▶ Material provided
== Segment start ==
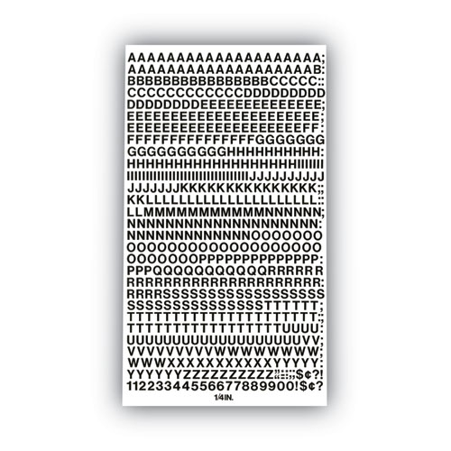 Product Details** Global Product Type Adhesive Characters Character Types Letters,Math/Money Symbols,Numbers,Punctuation/Language Symbols Character Mounting Type Self-Adhesive Color Family Black Material Type Plastic Character Style Helvetica Uppercase Number of Pieces 610 Character Color Black Material(s) Vinyl Height 0.25″ Product Biodegradability Indicator N Product Biodegradability in Days 0 Product Compostability Indicator N Pre-Consumer Recycled Content Percent 0% Post-Consumer Recycled Content Percent 0% Total Recycled Content Percent 0% Special Features Self-Adhesive Numbers and Uppercase Letters Country Of Origin US Carton Weight 2 lbs. Carton Pack Quantity 12 PK Pack Quantity 610 EA UPC 014173118493 UNSPSC 55121721 Shipping Weight & Item Dimensions Weight 0.042 lbs. Length 12.5 in Height 0.1 in Width 6 in
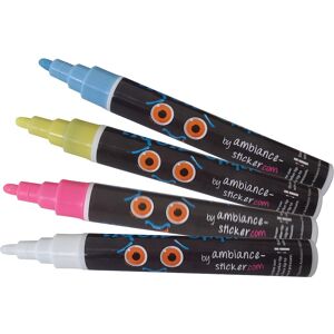 Craie liquide effaçable – Lot de 4 craies liquides blanche/bleue/jaune/rose - trait propre 3mm Descriptif du produit : -Non toxique -À base d’eau -Effaçable à sec ou à l’eau (comme une craie) -Largeur d’écriture 3mm Informations supplémentaires : Peut écrire sur: ardoise, tableau blanc, vitre, voit
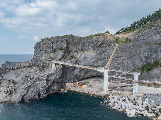 태하 해안산책로는 대부분 데크길로 정비되어 있어 비교적 안전하게 걷기 좋습니다. 절벽을 따라 이어지는 구간에서는 발아래로 바다가 훤히 내려다보여, 마치 바다 위를 걷는 듯한 짜릿한 체험을 하게 됩니다.
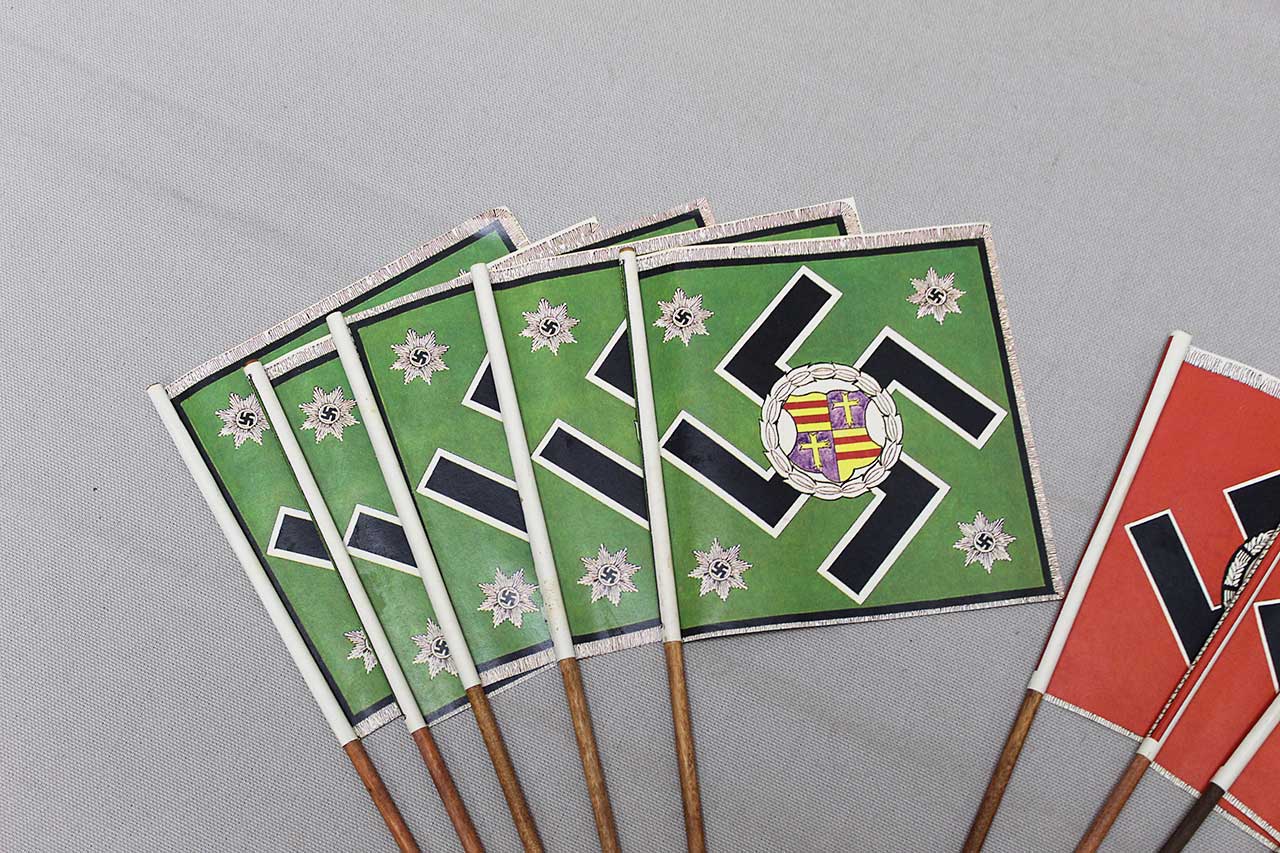 REPRODUCTION: This is for a Group of small paper WW2 German flags. This is for the group shown in the picture. These are reproductions.
== Segment end ==
▶ Your goal
Reprint the listing above verbatim but drop the images.

▶ Response area
 Product Details** Global Product Type Adhesive Characters Character Types Letters,Math/Money Symbols,Numbers,Punctuation/Language Symbols Character Mounting Type Self-Adhesive Color Family Black Material Type Plastic Character Style Helvetica Uppercase Number of Pieces 610 Character Color Black Material(s) Vinyl Height 0.25″ Product Biodegradability Indicator N Product Biodegradability in Days 0 Product Compostability Indicator N Pre-Consumer Recycled Content Percent 0% Post-Consumer Recycled Content Percent 0% Total Recycled Content Percent 0% Special Features Self-Adhesive Numbers and Uppercase Letters Country Of Origin US Carton Weight 2 lbs. Carton Pack Quantity 12 PK Pack Quantity 610 EA UPC 014173118493 UNSPSC 55121721 Shipping Weight & Item Dimensions Weight 0.042 lbs. Length 12.5 in Height 0.1 in Width 6 in
 Craie liquide effaçable – Lot de 4 craies liquides blanche/bleue/jaune/rose - trait propre 3mm Descriptif du produit : -Non toxique -À base d’eau -Effaçable à sec ou à l’eau (comme une craie) -Largeur d’écriture 3mm Informations supplémentaires : Peut écrire sur: ardoise, tableau blanc, vitre, voit
 태하 해안산책로는 대부분 데크길로 정비되어 있어 비교적 안전하게 걷기 좋습니다. 절벽을 따라 이어지는 구간에서는 발아래로 바다가 훤히 내려다보여, 마치 바다 위를 걷는 듯한 짜릿한 체험을 하게 됩니다.
 REPRODUCTION: This is for a Group of small paper WW2 German flags. This is for the group shown in the picture. These are reproductions.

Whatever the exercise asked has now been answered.